Given a container c and “positions” it and it0 somewhere within c:

access the data at that position	`*it`, `it->`
move `it` to the next position within `c`	`++it` or `it++`
compare two position values `it` and `it0`	`it == it0`, `it != it0`
get the beginning and ending positions in a container	`c.begin()`, `c.end()`
copy a position	`it0 = it`

We call position ADTs that conform to this patter iterators (because they let us iterate over a collection of data).

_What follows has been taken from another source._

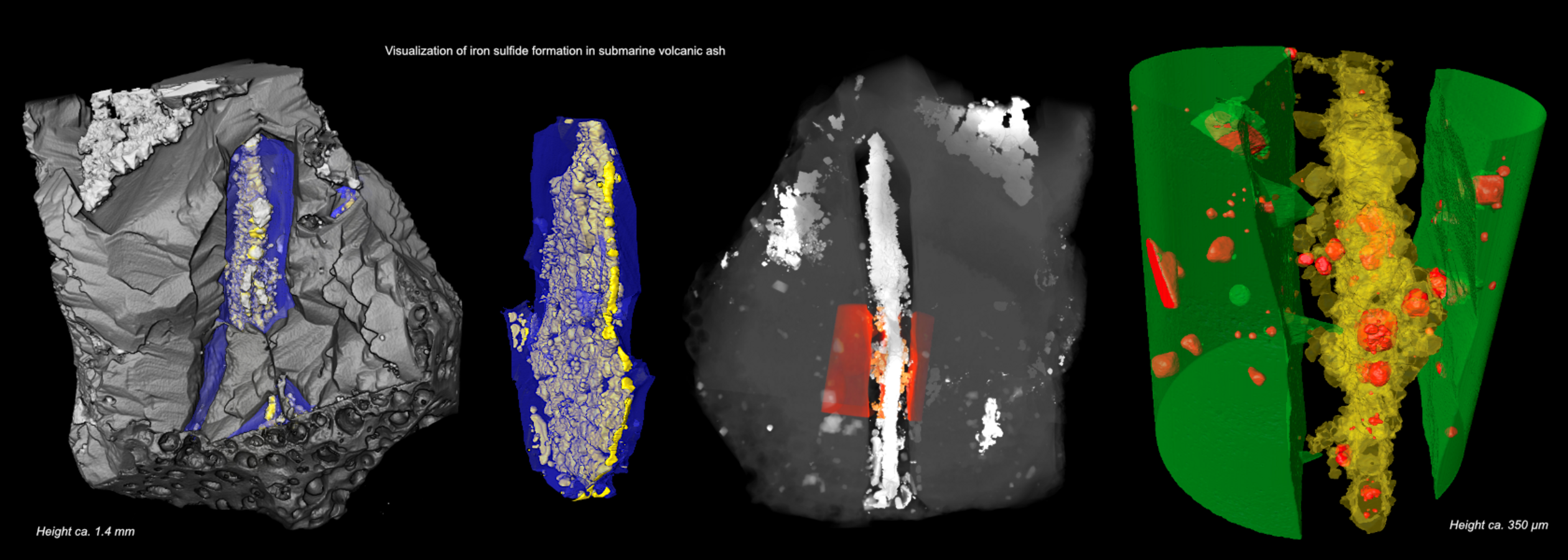 Our methods are based on the detection and subsequent localization of the degree of attenuation of the incident X-rays in the sample. The attenuation of X-rays by matter depends on both the chemical elements it consists of as well as the material density. The information about the varied X-ray absorption is encoded as grey values in the black-and-white images. The volume reconstruction facilitates, e.g.., visualization of fabric compounds as 3D models, or preparation of virtual thin sections in any desired direction.

For example, we might define an iterator for authors in a book as:

authorPosition1.h


class AuthorPosition {
public:
   AuthorPosition();

   // get data at this position
   Author operator*() const;

   // get a data/function member at this position
   Author* operator->() const;

   // move forward to the position just after this one
   AuthorPosition operator++();

   // Is this the same position as pos?
   bool operator== (const AuthorPosition& pos) const;
   bool operator!= (const AuthorPosition& pos) const;

};

so that code to access authors would then look like this:

void listAllAuthors(Book& b)
{
   for (AuthorPosition p = b.begin(); p != b.end(); 
        ++p)
     cout << "author: " << *p << endl;
}

Range-Based For Loops

In later years, C++ embraced the idea that iterators would be a pervasive part of typical programming style. New short-hand versions of for loops were introduced specifically to work with classes that provide iterators via the conventional interfaces.